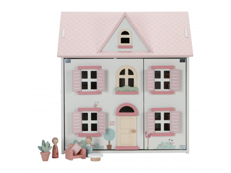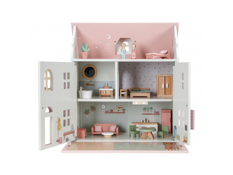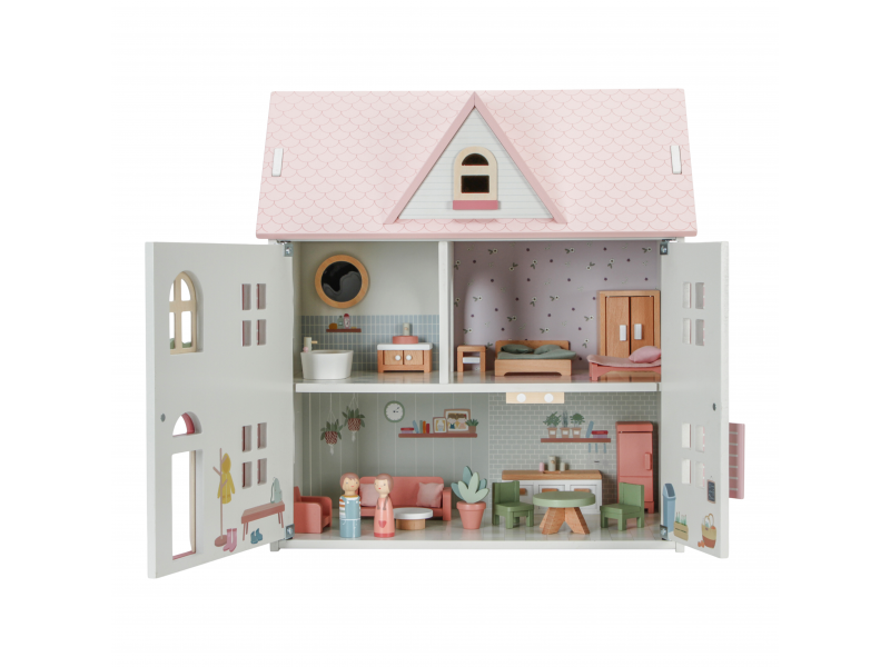 V domečku pro panenky najdete dvě dřevěné panenky Jima a Rosu, obývací pokoj, kuchyň, koupelnu, ložnici a dětský pokoj. Každý pokoj je zařízen odpovídajícím nábytkem a doplňky. K domečku je možné dokoupit další sady nábytku, domácí mazlíčky apod.
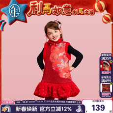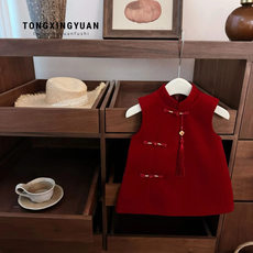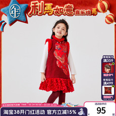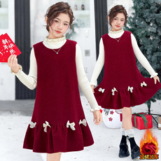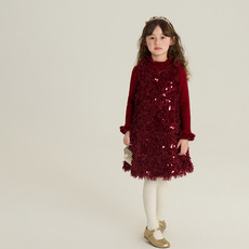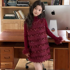 女童秋冬连衣裙生日公主裙韩系新年羽毛亮片背心裙喜庆红色拜年裙
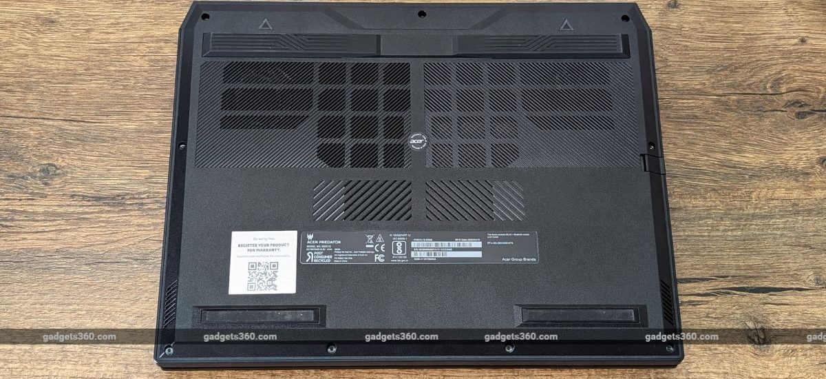 The Acer Predator Helios Neo 16 looks like most other gaming laptops while offering some unique design elements. The lid is made from aluminium and has a single-colour RGB logo along with a few laser-etched encrypted codes at the corners. These codes basically reveal to be nothing more than ‘Helios Neo’ and ‘Join Predator Force’. You will find instructions on how to decrypt the codes online.
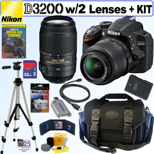 Nikon D3200 24.2 MP CMOS Digital SLR Camera with 18-55mm f/3.5-5.6G AF-S DX VR and 55-300mm f/4.5-5.6G ED VR AF-S DX NIKKOR Zoom Lenses + EN-EL14 Battery + 32GB Deluxe Accessory Kit A new level of image quality, a familiar way of sharing. Nikon D3200 HD-SLR camera: Don't let the D3200's compact size and price fool you-packed inside this easy to use HD-SLR is serious Nikon power: a 24.2 MP DX-format CMOS sensor that excels in any light, EXPEED 3 image-processing for fast operation and creative in-camera effects, Full HD (1080p) movie recording, in-camera tutorials and much more. What does this mean for you? Simply stunning photos and videos in any setting. And now, with Nikon's optional Wireless Mobile Adapter, you can share those masterpieces instantly with your Smartphone or tablet!
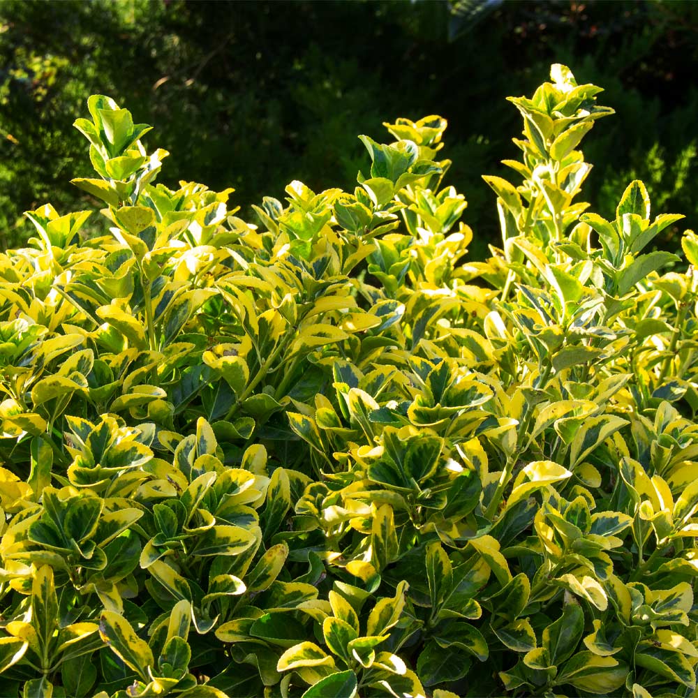The foliage of the Golden Euonymus forms a striking pattern. Each richly colored green leaf features a brightly colored edging of cheerful golden-yellow. And we're not talking about tiny leaves with small splashes of color.
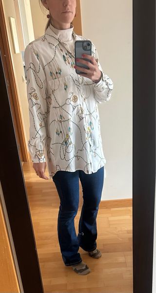Como nueva. Botones en hombro. No se arruga. Muy fresca. Queda suelta. Corté la etiqueta de composición pero se lava en lavadora.
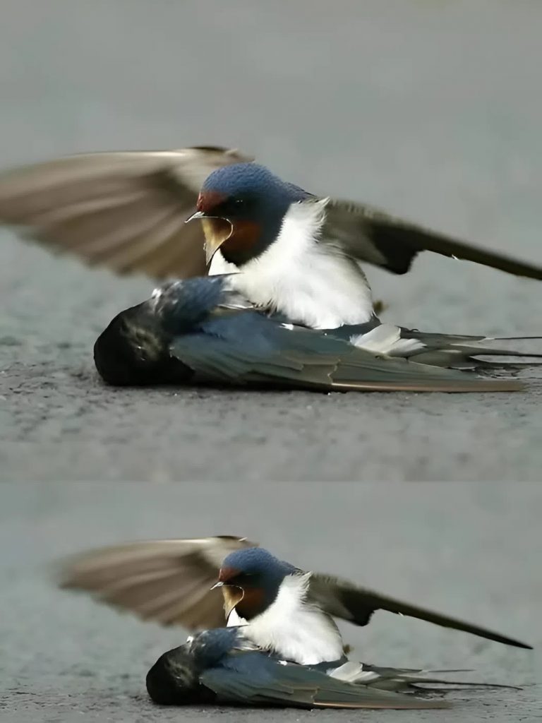 Druhá vlaštovka nezmizela. Naopak, začala kroužit nad místem nehody, jako by nevěřila, co se právě stalo. Poté přistála u svého partnera a jemně ho klovala zobákem, snažila se ho probudit, jako by chtěla říct: „Vstaň, poletíme dál.“
•••••
*Task to carry out*: Reproduce the data exactly, please, and omit its pictures.

*Solution for this problem*:
 V domečku pro panenky najdete dvě dřevěné panenky Jima a Rosu, obývací pokoj, kuchyň, koupelnu, ložnici a dětský pokoj. Každý pokoj je zařízen odpovídajícím nábytkem a doplňky. K domečku je možné dokoupit další sady nábytku, domácí mazlíčky apod.
 女童秋冬连衣裙生日公主裙韩系新年羽毛亮片背心裙喜庆红色拜年裙
 The Acer Predator Helios Neo 16 looks like most other gaming laptops while offering some unique design elements. The lid is made from aluminium and has a single-colour RGB logo along with a few laser-etched encrypted codes at the corners. These codes basically reveal to be nothing more than ‘Helios Neo’ and ‘Join Predator Force’. You will find instructions on how to decrypt the codes online.
 Nikon D3200 24.2 MP CMOS Digital SLR Camera with 18-55mm f/3.5-5.6G AF-S DX VR and 55-300mm f/4.5-5.6G ED VR AF-S DX NIKKOR Zoom Lenses + EN-EL14 Battery + 32GB Deluxe Accessory Kit A new level of image quality, a familiar way of sharing. Nikon D3200 HD-SLR camera: Don't let the D3200's compact size and price fool you-packed inside this easy to use HD-SLR is serious Nikon power: a 24.2 MP DX-format CMOS sensor that excels in any light, EXPEED 3 image-processing for fast operation and creative in-camera effects, Full HD (1080p) movie recording, in-camera tutorials and much more. What does this mean for you? Simply stunning photos and videos in any setting. And now, with Nikon's optional Wireless Mobile Adapter, you can share those masterpieces instantly with your Smartphone or tablet!
The foliage of the Golden Euonymus forms a striking pattern. Each richly colored green leaf features a brightly colored edging of cheerful golden-yellow. And we're not talking about tiny leaves with small splashes of color.
Como nueva. Botones en hombro. No se arruga. Muy fresca. Queda suelta. Corté la etiqueta de composición pero se lava en lavadora.
 Druhá vlaštovka nezmizela. Naopak, začala kroužit nad místem nehody, jako by nevěřila, co se právě stalo. Poté přistála u svého partnera a jemně ho klovala zobákem, snažila se ho probudit, jako by chtěla říct: „Vstaň, poletíme dál.“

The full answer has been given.